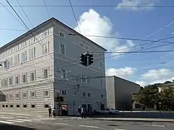 An der Ecke zur Dreifaltigkeitsgasse befinden sich vor dem Haus zwei Stolpersteine für die von den Nationalsozialisten zu Tode gebrachten Ferdinand Köck und Franz Rosenkranz. Köck wurde im Rahmen der NS-„Euthanasie“ ermordet,[24] Rosenkranz war an der Niederschlagung des Juliputschs 1934 in Lamprechtshausen beteiligt gewesen und wurde auf einem Todesmarsch vom KZ Sachsenhausen weg erschossen.[25]
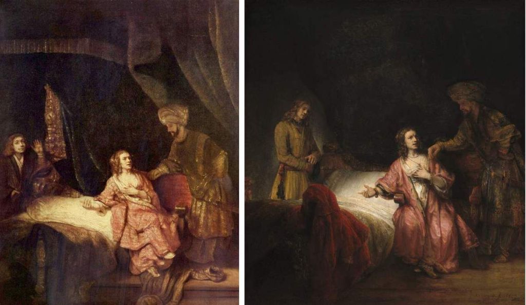 Bij Rembrandt zie je een schedel onder de huid, haar hand maakt een bijna verachtelijk gebaar naar Jozef en haar pols is zo natuurlijk geschilderd.
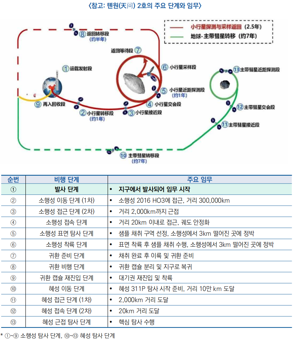 ![]() ○ (단계별 임무) 톈원 2호는 총 10년에 걸쳐 수행되는 장기 우주 탐사 프로젝트로, 임무는 총 13단계로 구성되며, 소행성과 혜성을 연속으로 탐사할 계획임
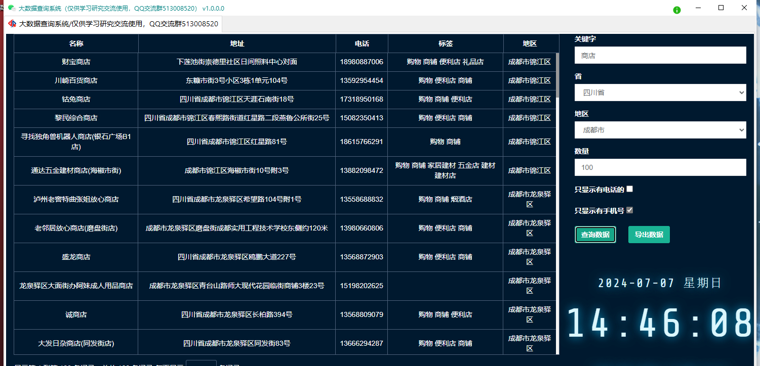 大数据采集地图商家协议是针对百度地图、高德地图、腾讯地图、搜狗地图、天地图、360地图等主流电子地图上的商户企业信息进行实时采集,根据城市关键字、行业关键字进行精准匹配 E语言写的,建议报毒勿下!

WORK INSTRUCTION =
Only the lines from the one with "Bij Rembrandt zie" through the final line of the data should be written out, exactly and including both ends. Skip the pictures.

OUTPUT OF THE EXERCISE =
 Bij Rembrandt zie je een schedel onder de huid, haar hand maakt een bijna verachtelijk gebaar naar Jozef en haar pols is zo natuurlijk geschilderd.
 ![]() ○ (단계별 임무) 톈원 2호는 총 10년에 걸쳐 수행되는 장기 우주 탐사 프로젝트로, 임무는 총 13단계로 구성되며, 소행성과 혜성을 연속으로 탐사할 계획임
 大数据采集地图商家协议是针对百度地图、高德地图、腾讯地图、搜狗地图、天地图、360地图等主流电子地图上的商户企业信息进行实时采集,根据城市关键字、行业关键字进行精准匹配 E语言写的,建议报毒勿下!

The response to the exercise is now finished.